1. A dry etching apparatus, for etching at least one substrate through the use of plasma, comprising:

a chamber defining a space, a tray inside said chamber, and at least one substrate seated on said tray inside said chamber;

a susceptor, provided inside the chamber facing the at least one substrate, for supplying a high-frequency power to form said plasma;

a grounding part provided beneath the susceptor and untouchable with the susceptor; and

an insulating part provided between the susceptor and the grounding part.

2. The dry etching apparatus of claim 1, wherein the grounding part is formed in a rectangular or circular shaped flat panel with a central hole therein.

3. The dry etching apparatus of claim 1, wherein the grounding part includes a mesh portion.

4. The dry etching apparatus of claim 1, wherein the grounding part includes a plurality of openings arranged in a grid configuration.

5. The dry etching apparatus of claim 1, wherein the grounding part is formed in shape of a rectangular or circular frame.

6. The dry etching apparatus of claim 1, wherein the insulating part is formed of a ceramic or Teflon material.

7. The dry etching apparatus of claim 1, wherein the insulating part comprises:

a first insulator confronting with a central portion of the susceptor; and

a plurality of second insulators engaged with the first insulator, wherein the second insulator is bent to be confronting with a lateral surface of the susceptor and the rest of the susceptor except the central portion of the susceptor.

8. The dry etching apparatus of claim 7, wherein each step-shaped surface is formed at a portion for engaging the first insulator and the second insulator with each other, and a portion for engaging the neighboring second insulators with each other, and

wherein the first and second insulators are engaged through the step-shaped surface.

9. The dry etching apparatus of claim 7, further comprising:

a first sealing member provided between the insulating part and the susceptor; and

a second sealing member provided between the insulating part and the grounding part.

10. The dry etching apparatus of claim 1, further comprising:

a susceptor supporting member for electrically connecting the susceptor to a rear surface of the substrate by elevating the grounding part; and

an electrode rod for supplying the high-frequency power to the susceptor, the electrode rod passing through the susceptor supporting member.
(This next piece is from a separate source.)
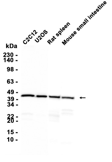 Western blot analysis of extracts from C2C12,U2OS cells and Rat spleen,Mouse small intestine tissue using db13353 at 1:3000.

11. The dry etching apparatus of claim 10, wherein the susceptor supporting member comprises:

a first supporter connected with the susceptor by passing through the chamber, the grounding part, and the insulating part;

a second supporter connected with the grounding part by passing through the chamber; and

a plate connected with the first and second supporters.

12. The dry etching apparatus of claim 10, wherein the tray for supporting the at least one substrate is electrically connected with the susceptor by elevation of the susceptor.

13. The dry etching apparatus of claim 11, further comprising:

a bellows provided between the chamber and the plate.

14. The dry etching apparatus of claim 1, further comprising:

a bellows provided between a bottom surface of the chamber and the grounding part.

15. The dry etching apparatus of claim 14, wherein the grounding part is grounded by the bellows.